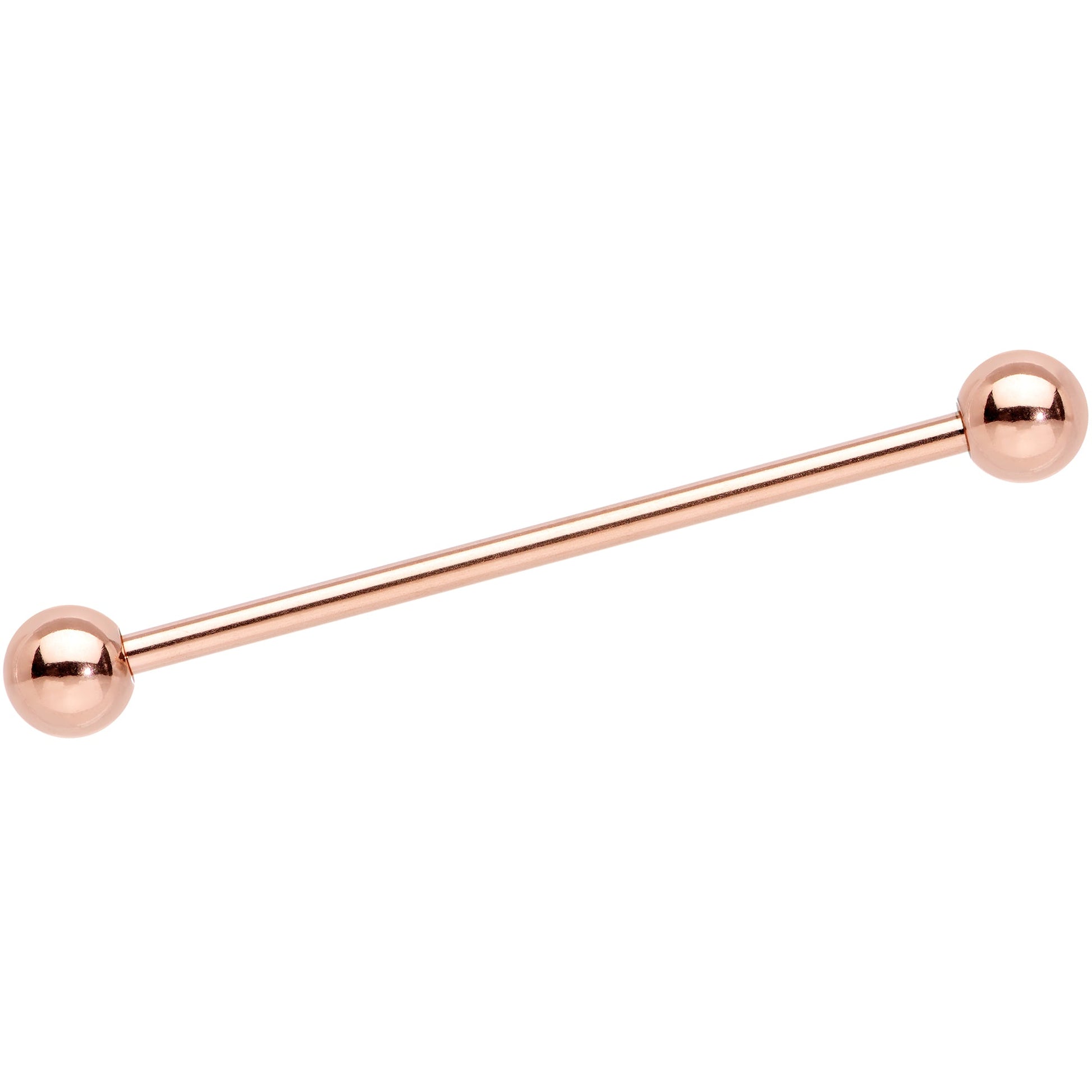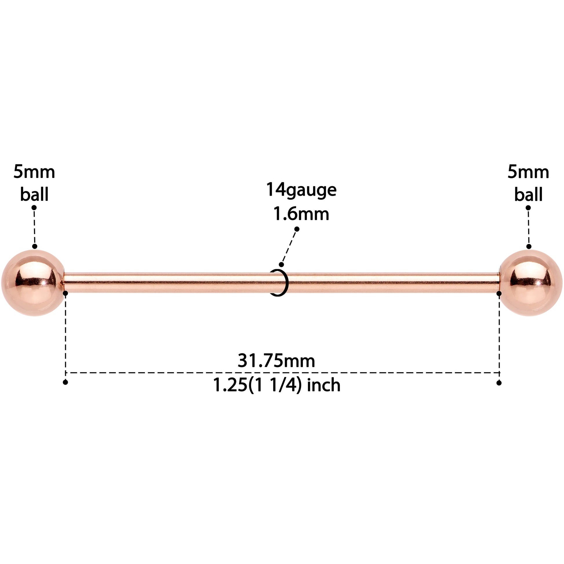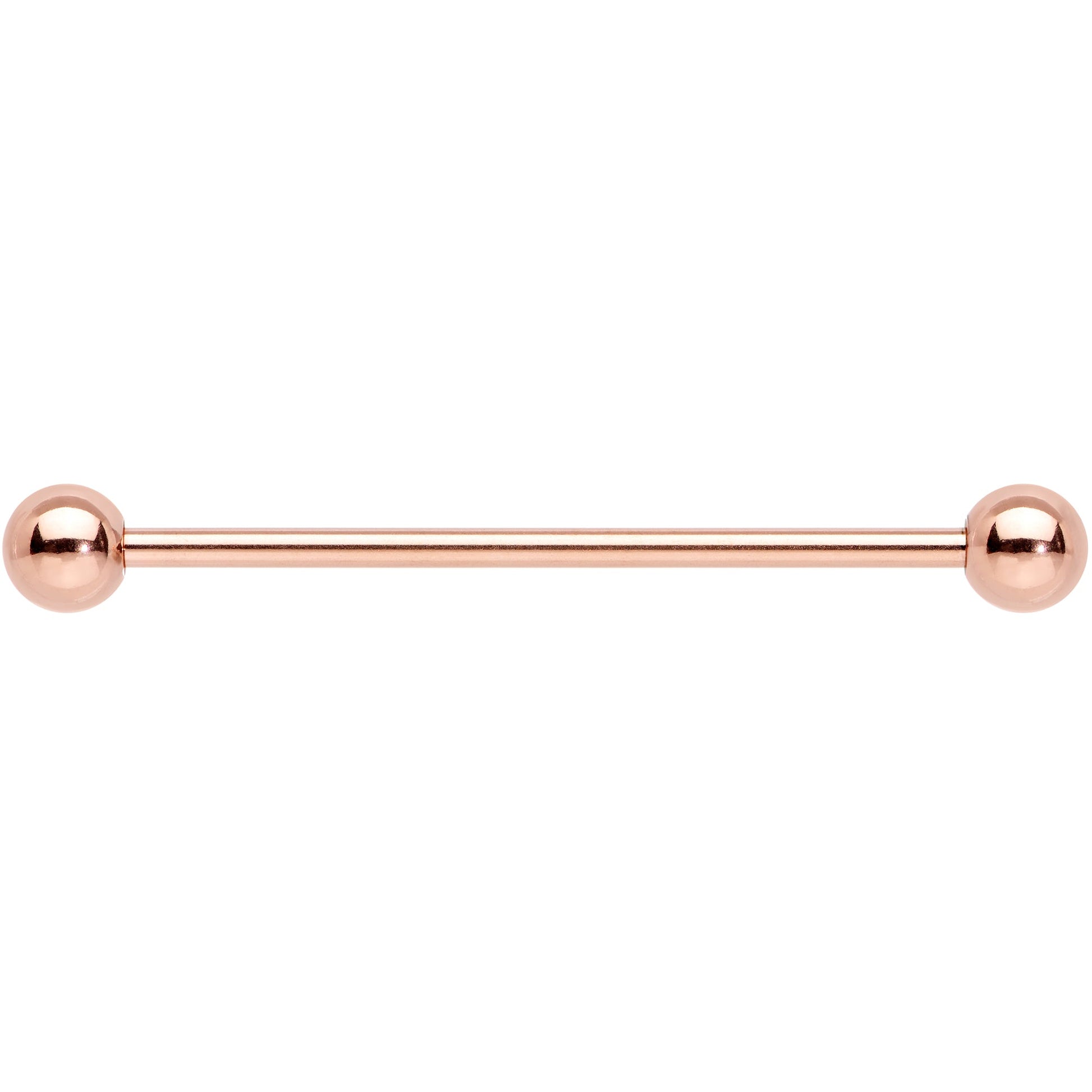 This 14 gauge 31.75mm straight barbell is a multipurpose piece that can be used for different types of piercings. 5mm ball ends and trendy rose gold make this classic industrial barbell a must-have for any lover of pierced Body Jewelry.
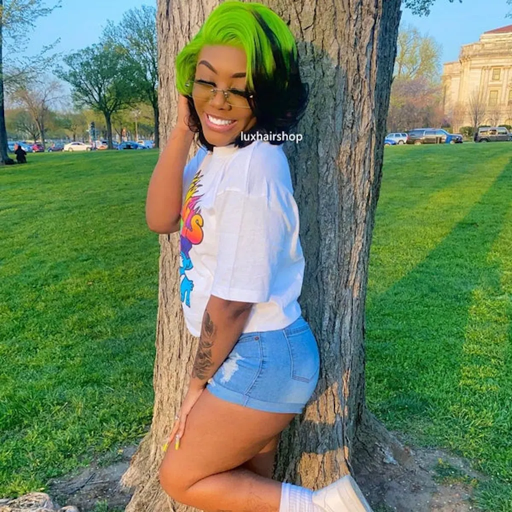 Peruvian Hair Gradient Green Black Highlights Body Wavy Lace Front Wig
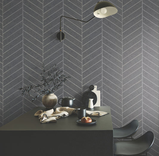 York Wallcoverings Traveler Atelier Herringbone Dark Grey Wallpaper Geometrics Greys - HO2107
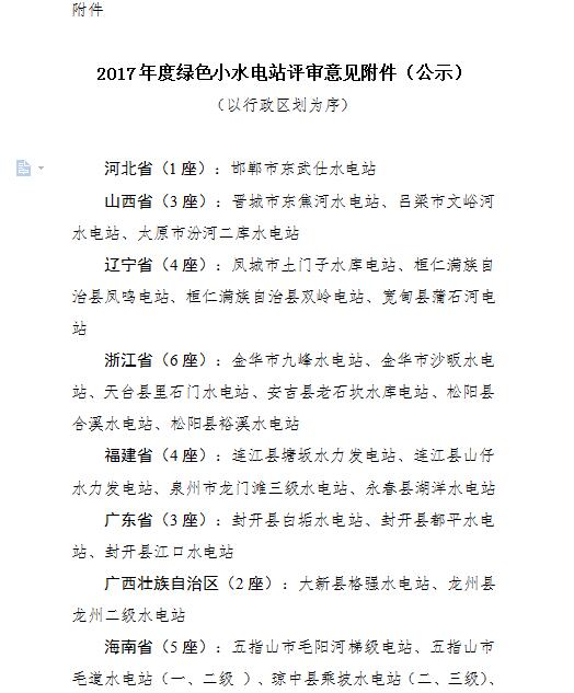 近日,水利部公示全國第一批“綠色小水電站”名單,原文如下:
────
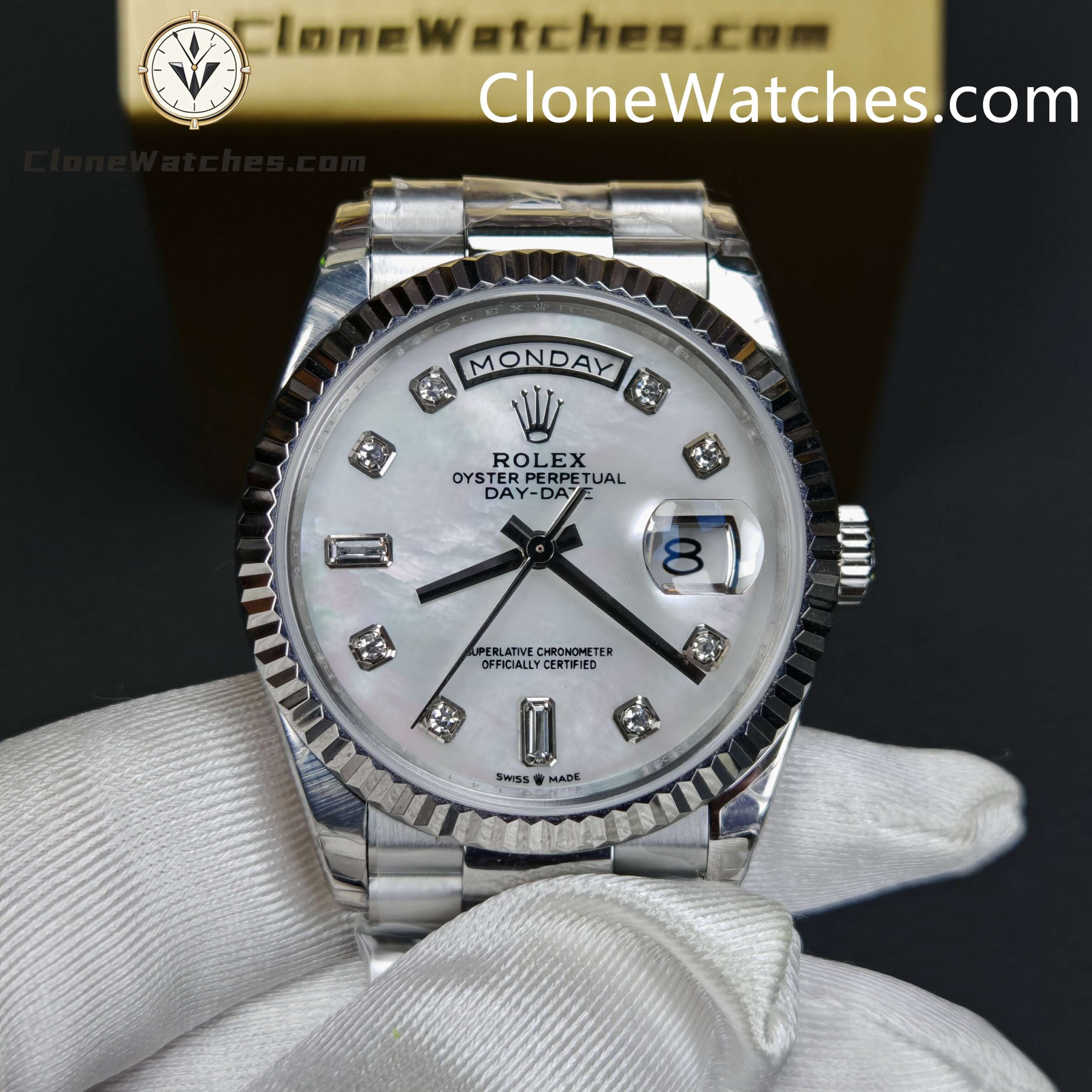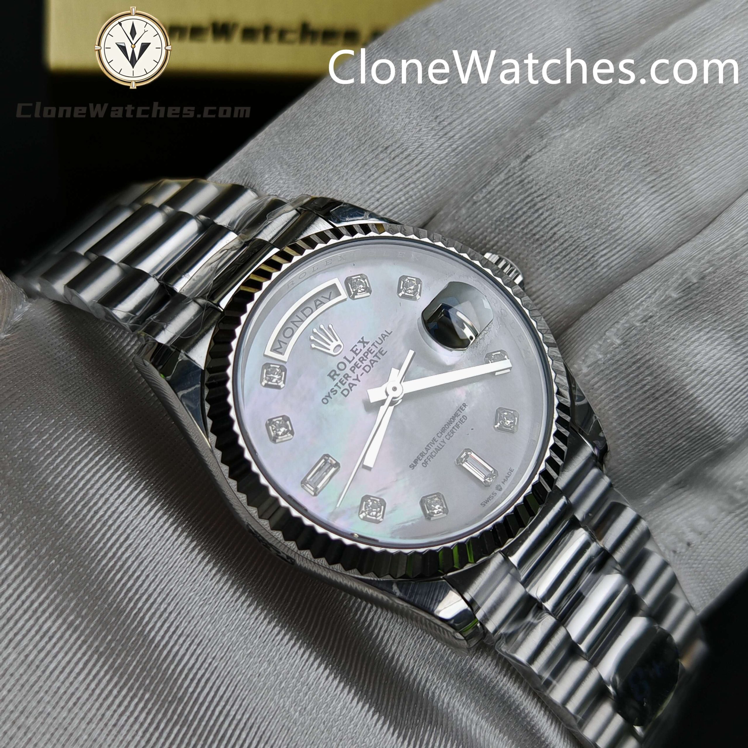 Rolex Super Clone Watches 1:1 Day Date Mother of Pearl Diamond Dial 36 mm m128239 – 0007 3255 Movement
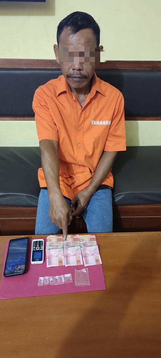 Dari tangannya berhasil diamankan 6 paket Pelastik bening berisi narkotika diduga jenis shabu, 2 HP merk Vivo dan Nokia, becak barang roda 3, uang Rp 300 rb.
────
**Required action**
Find the line with "Rolex Super Clone" in the entries above. Set down exactly every line from it up to and including the line with "Dari tangannya berhasil", images excluded.

**Response below**
 Rolex Super Clone Watches 1:1 Day Date Mother of Pearl Diamond Dial 36 mm m128239 – 0007 3255 Movement
 Dari tangannya berhasil diamankan 6 paket Pelastik bening berisi narkotika diduga jenis shabu, 2 HP merk Vivo dan Nokia, becak barang roda 3, uang Rp 300 rb.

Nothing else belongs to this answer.